La filóloga Helena Cortés Gabaudan informa que en esa época había un teólogo de
apellido Bahrdt, de quien Goethe se había burlado repetidamente y que había
sugerido que los futuros clérigos debían recibir la instrucción de los
comediantes.
Cuando Wagner
dice que un actor puede aleccionar a un predicador se limita a citar uno de los
principios de la retórica humanista, la persuasio,
necesaria a todo discurso para convencer. Pero lo que Bahrdt pretende es más
complejo: que el predicador convenza a su auditorio de un modo tan profundo
como el actor persuade a su público de que el personaje es real. Lo fascinante es que no se trata de sustituir a la “realidad
real” por una “realidad ficticia”, sino de una sobreimpresión (en el sentido cinematográfico: una imagen
superpuesta a otra): el público cree en la realidad de la escena al mismo
tiempo que está consciente de que aquello que ve es a un actor representando
(el misterio radica en esa graduación entre certeza de la representación y
creencia en lo representado). La ficción no sustituye a la realidad: se
sobreimpone a ella.
El mero hecho
de la sobreimpresión afecta de maneras concéntricas a la realidad real: primero
la relativiza; luego la critica, y finalmente, en una instancia ideal, la
corrige. Es como la metáfora del cine, una emisión de luz cargada de imágenes
que se proyectan en una pantalla; en este caso, la tarea del actor es la de
convertir al mundo en una pantalla en la que va a sobreimponerse un signo. O
bien, develar que el mundo es ya en sí signo, apariencia, ficción, discurso.
Esta es la fundamental característica metafísica de la actuación (y acaso
debería decirse, más que “característica”, el núcleo, la esencia misma del
oficio del actor).
El actor y las
historias
Los argumentos de la inmensa mayoría de películas y series
televisivas podrían leerse en unos cuantos minutos y ahorrarse así horas y en
suma días, si no fuera por el elemento que es la verdadera esencia de películas
y series: la actuación. Más allá de los argumentos, mensajes, moralejas o “ideas”,
esta interminable avalancha narrativa se sostiene en el trabajo de los actores.
Casi podría decirse que las “historias” (ese elemento en el que se dice que
radica el centro de todo) no son más que el pretexto para que se desarrolle un
arte antiguo tan indispensable como indescriptible.

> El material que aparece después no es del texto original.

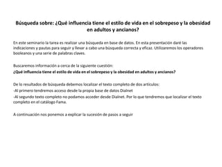 Este documento proporciona instrucciones para realizar una búsqueda en una base de datos sobre la influencia del estilo de vida en el sobrepeso y la obesidad en adultos y ancianos. Explica el uso de operadores booleanos y palabras clave para una búsqueda eficaz. Se deben localizar el texto completo de dos artículos relevantes, uno accesible directamente en Dialnet y el otro en el catálogo Fama.

Dicho de otra manera: el
personaje es el mero vehículo para que el actor continúe un rito arcano. Las
historias y argumentos “importan” tanto individual como colectivamente: esa
suma representa a lo humano. Y lo humano es tan complejo e incierto como el
arte del actor, que en efecto, parece descansar, como lo humano, en el no saber.
El trabajo
del actor queda comprendido en una escala en uno de cuyos extremos está el
conocido desempeño comercial, mayoritario, de su trabajo. Lo que hay en el
extremo opuesto de esa escala es descrito por Peter Brook cuando habla del gran
místico del teatro: “El trabajo de Grotowski lo lleva a penetrar cada vez más
profundamente en el mundo interior del actor, hasta el punto en que éste deja
de ser actor para convertirse en el hombre esencial. Para ello se requieren
todos y cada uno de los elementos dinámicos del drama, de tal manera que se
pueda exprimir cada célula del cuerpo para que revele sus secretos” [Peter
Brook: With Grotowski: Theatre is Just a
Form, The Grotowski Institute, Wroclaw, 1980].
No saber: la
distancia temporal
John Lennon decía en su última entrevista que siempre tenía
tres álbumes de canciones nuevas preparadas en la cabeza, y que no podía hablar
del álbum que estaba grabando en ese momento: “No puedes hacer un álbum y
discutirlo al mismo tiempo; no puedes interpretarlo al mismo tiempo que lo
haces. Ni siquiera sabes lo que estás haciendo: estás demasiado metido, no
puedes ser objetivo al respecto. No puedes hablar de eso porque no estás
consciente de lo que estás expresando, y a veces me toma dos o tres años para
ver realmente lo que es. Hablar de una obra en proceso es como invitar al
ensayo de una obra de teatro; incluso al día siguiente de la noche del estreno
puede cambiar”.
Es en este
sentido que el actor no sabe lo que hace, y si habla de ello no toca el centro
mismo de la experiencia sino únicamente lo incidental. La diferencia con el
músico (según la declaración de Lennon) es que el actor nunca tiene esa
suficiente distancia temporal para juzgar su trabajo. Si ve una película en la que
actuó años atrás, le sorprenderán sus logros y recordará algo de su proceso técnico,
pero seguirá sin saber cómo hizo lo que hizo; una súbita conciencia profunda,
una “objetividad” podría causar que su trabajo actual sufriera.
Casi podría
decirse que el actor crea una barrera para que la “objetivización” y lo “objetivo”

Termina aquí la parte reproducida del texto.